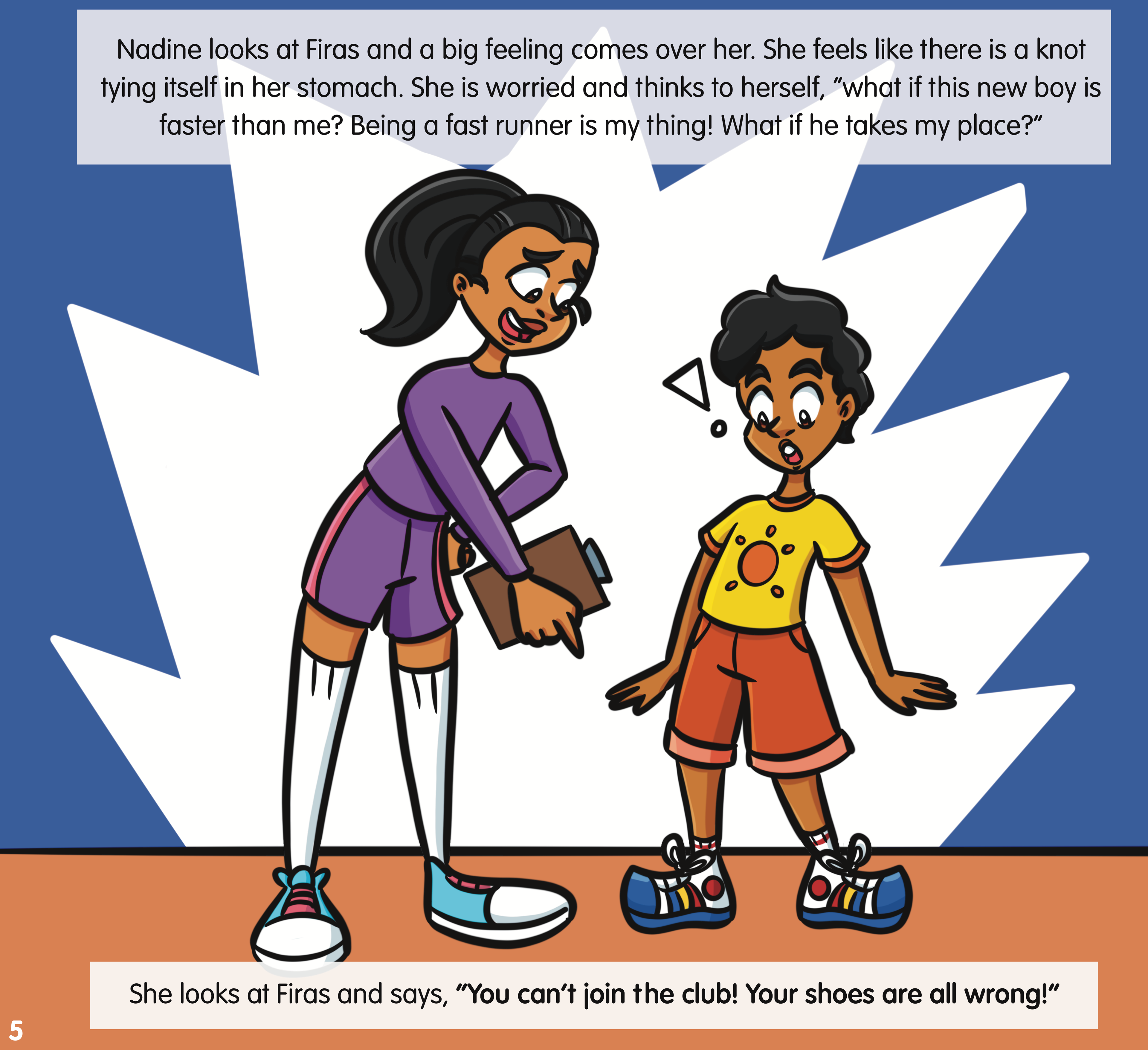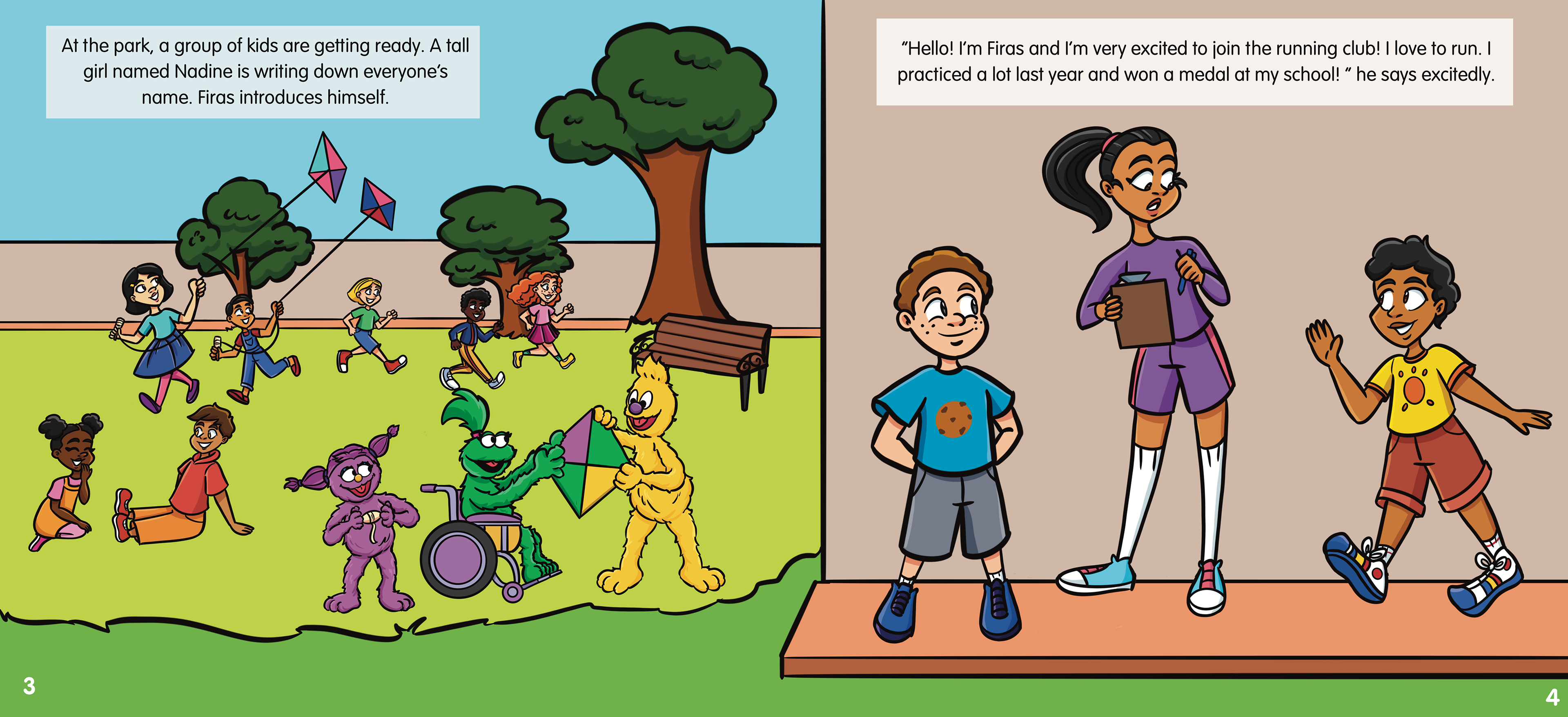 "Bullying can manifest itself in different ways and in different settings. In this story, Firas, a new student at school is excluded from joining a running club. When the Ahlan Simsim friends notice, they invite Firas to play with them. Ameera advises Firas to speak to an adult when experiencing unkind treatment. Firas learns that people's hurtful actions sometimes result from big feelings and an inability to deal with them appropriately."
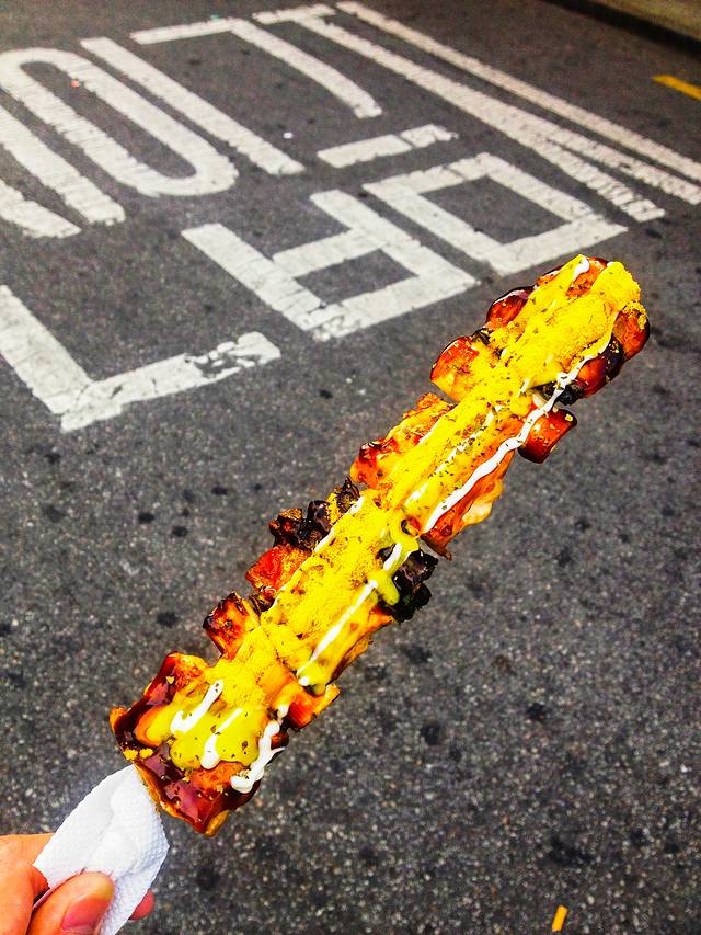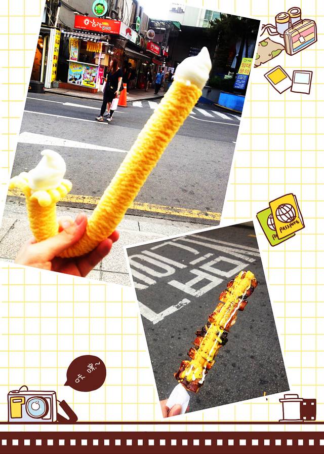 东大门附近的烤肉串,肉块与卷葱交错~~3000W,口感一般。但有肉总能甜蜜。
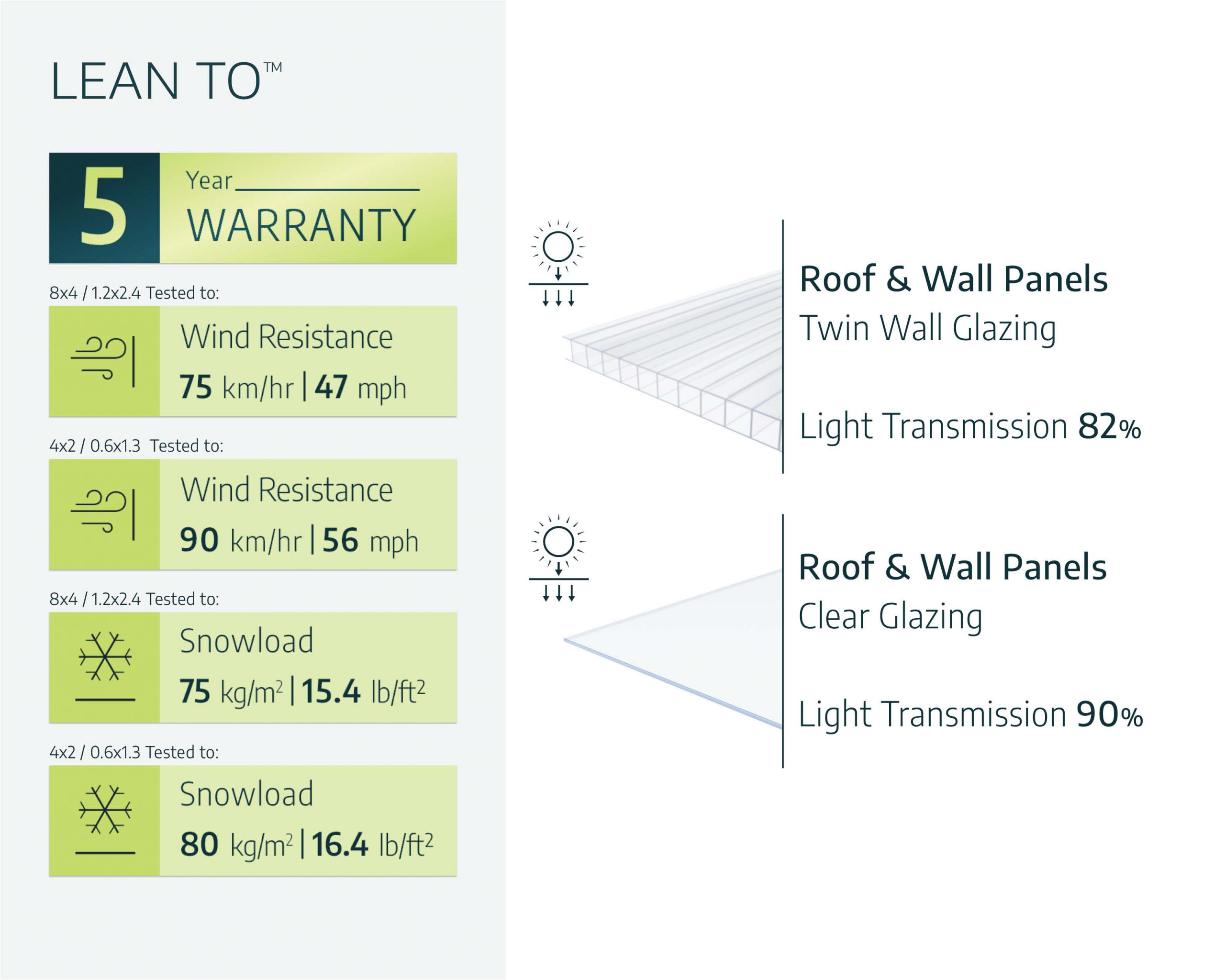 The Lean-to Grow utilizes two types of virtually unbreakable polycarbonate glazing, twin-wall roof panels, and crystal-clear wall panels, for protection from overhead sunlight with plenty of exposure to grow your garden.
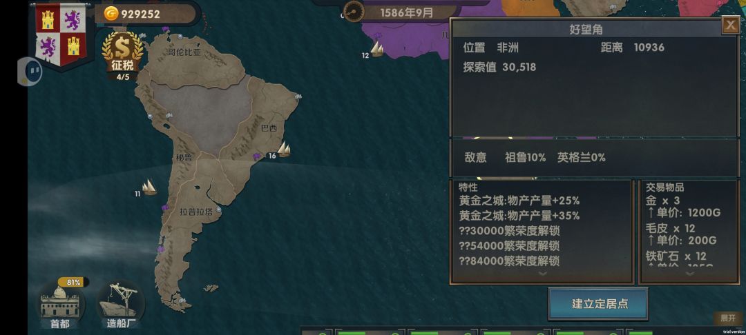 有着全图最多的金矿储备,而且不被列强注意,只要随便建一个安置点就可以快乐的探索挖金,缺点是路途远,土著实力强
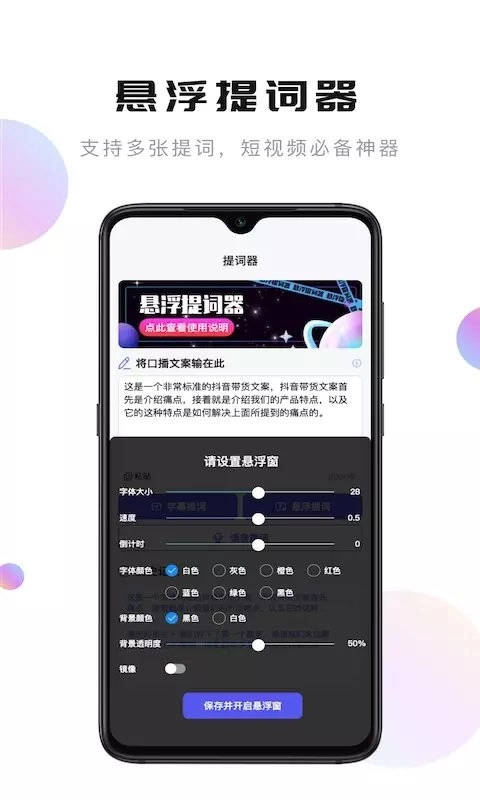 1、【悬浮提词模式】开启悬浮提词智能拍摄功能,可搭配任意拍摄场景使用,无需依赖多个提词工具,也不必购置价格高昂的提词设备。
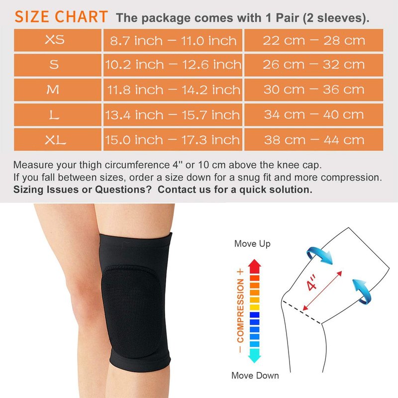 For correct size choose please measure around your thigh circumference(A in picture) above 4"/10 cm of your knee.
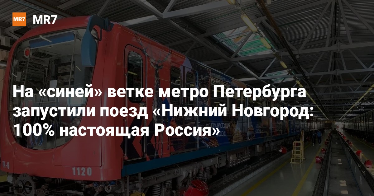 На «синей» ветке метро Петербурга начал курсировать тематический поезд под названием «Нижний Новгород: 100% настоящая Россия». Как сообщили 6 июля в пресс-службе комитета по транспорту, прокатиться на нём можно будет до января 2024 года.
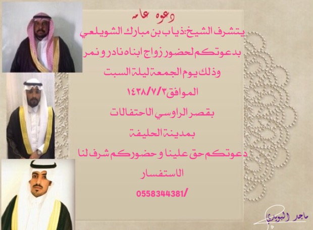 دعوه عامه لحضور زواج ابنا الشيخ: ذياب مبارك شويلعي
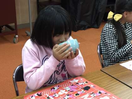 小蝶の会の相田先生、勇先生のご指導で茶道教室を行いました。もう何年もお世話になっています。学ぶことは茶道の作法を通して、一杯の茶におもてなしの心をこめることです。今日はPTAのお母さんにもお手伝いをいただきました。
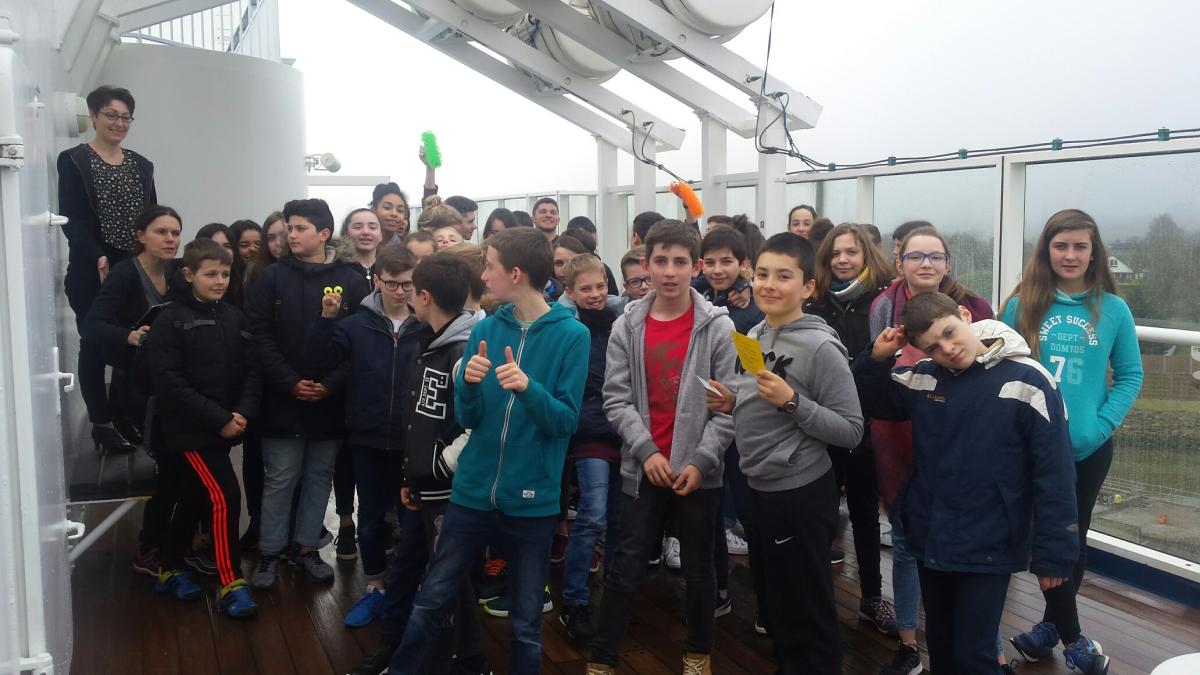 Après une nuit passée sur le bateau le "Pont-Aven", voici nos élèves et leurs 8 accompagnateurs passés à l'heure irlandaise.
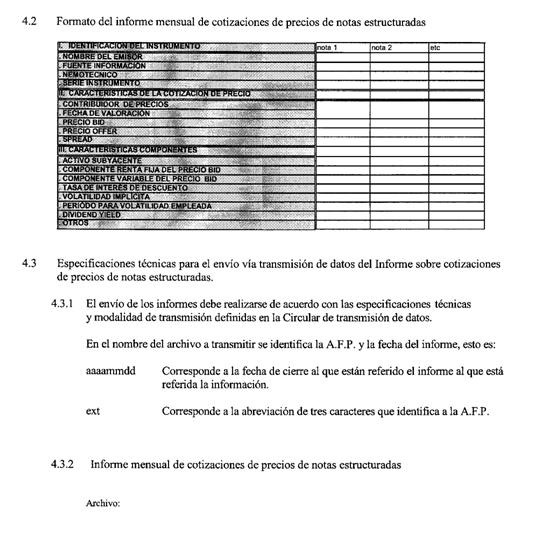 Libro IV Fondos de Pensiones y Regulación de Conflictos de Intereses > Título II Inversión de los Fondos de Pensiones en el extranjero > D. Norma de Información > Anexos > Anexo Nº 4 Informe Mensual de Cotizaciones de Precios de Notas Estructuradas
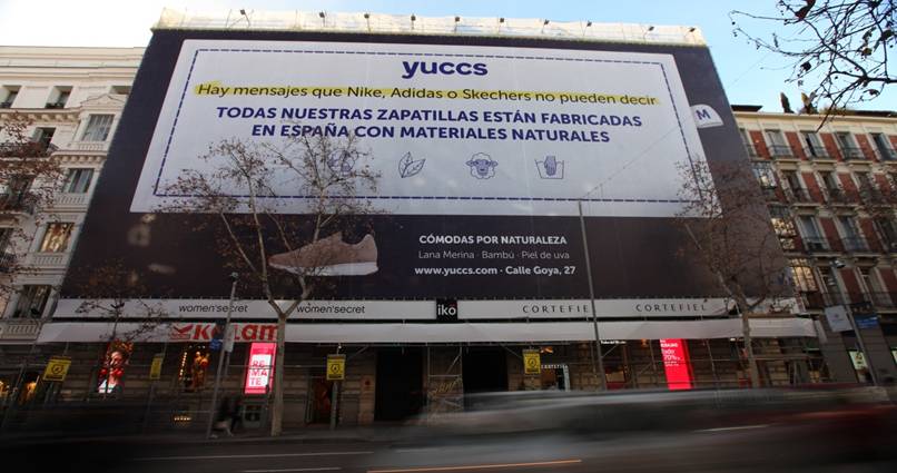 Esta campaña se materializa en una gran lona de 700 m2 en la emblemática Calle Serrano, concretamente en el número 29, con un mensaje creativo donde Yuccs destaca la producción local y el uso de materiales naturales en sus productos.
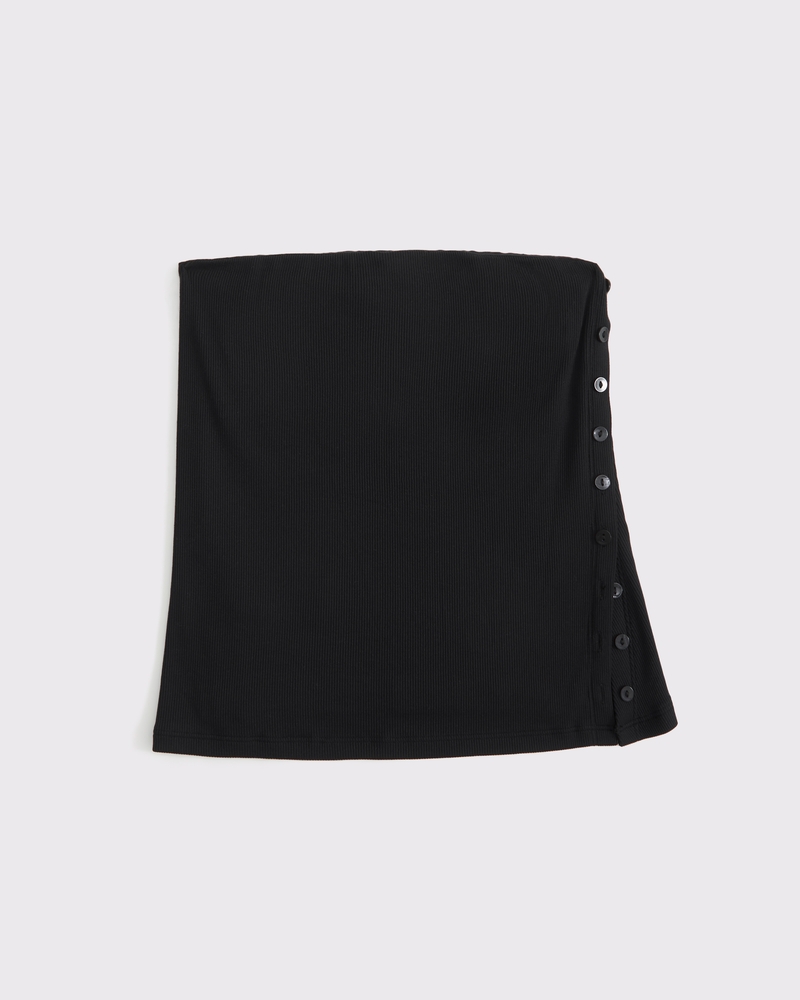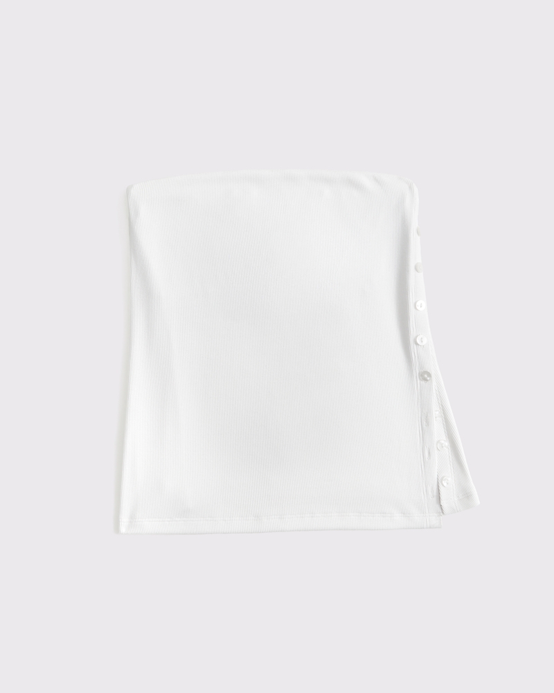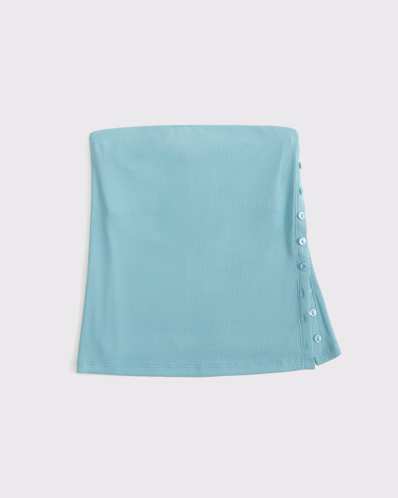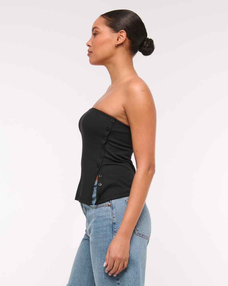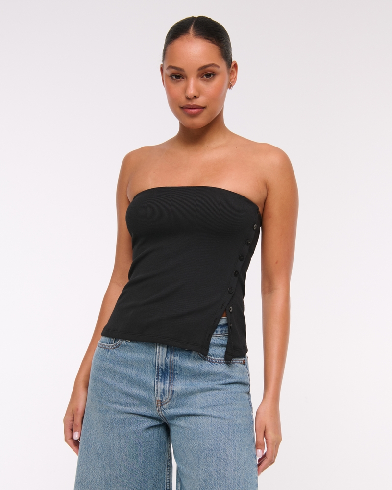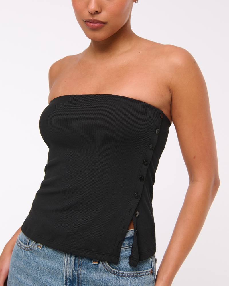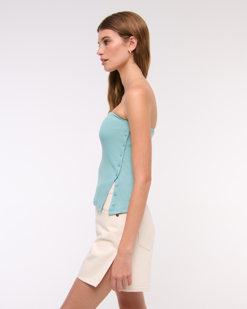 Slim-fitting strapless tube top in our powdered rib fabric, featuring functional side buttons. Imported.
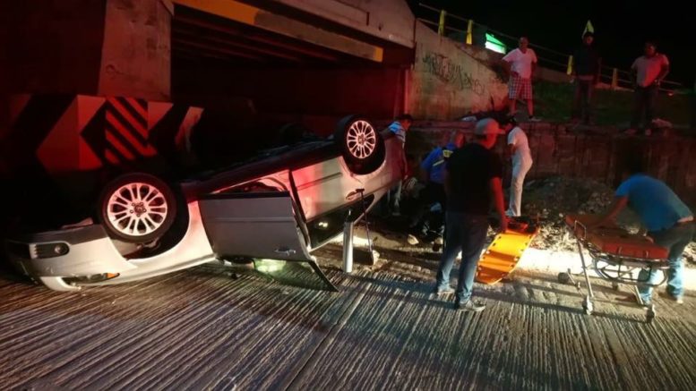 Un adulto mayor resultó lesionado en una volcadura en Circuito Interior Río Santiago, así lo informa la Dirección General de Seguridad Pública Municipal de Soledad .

**Task prompt:** From the material above, reproduce only what runs from the line holding "东大门附近的烤肉串,肉块与卷葱交错~~3000W,口感一般。但有肉总能甜蜜。" down to the line holding "января 2024 года.", both included, pictures excluded.

**Response area:**
 东大门附近的烤肉串,肉块与卷葱交错~~3000W,口感一般。但有肉总能甜蜜。
 The Lean-to Grow utilizes two types of virtually unbreakable polycarbonate glazing, twin-wall roof panels, and crystal-clear wall panels, for protection from overhead sunlight with plenty of exposure to grow your garden.
 有着全图最多的金矿储备,而且不被列强注意,只要随便建一个安置点就可以快乐的探索挖金,缺点是路途远,土著实力强
 1、【悬浮提词模式】开启悬浮提词智能拍摄功能,可搭配任意拍摄场景使用,无需依赖多个提词工具,也不必购置价格高昂的提词设备。
 For correct size choose please measure around your thigh circumference(A in picture) above 4"/10 cm of your knee.
 На «синей» ветке метро Петербурга начал курсировать тематический поезд под названием «Нижний Новгород: 100% настоящая Россия». Как сообщили 6 июля в пресс-службе комитета по транспорту, прокатиться на нём можно будет до января 2024 года.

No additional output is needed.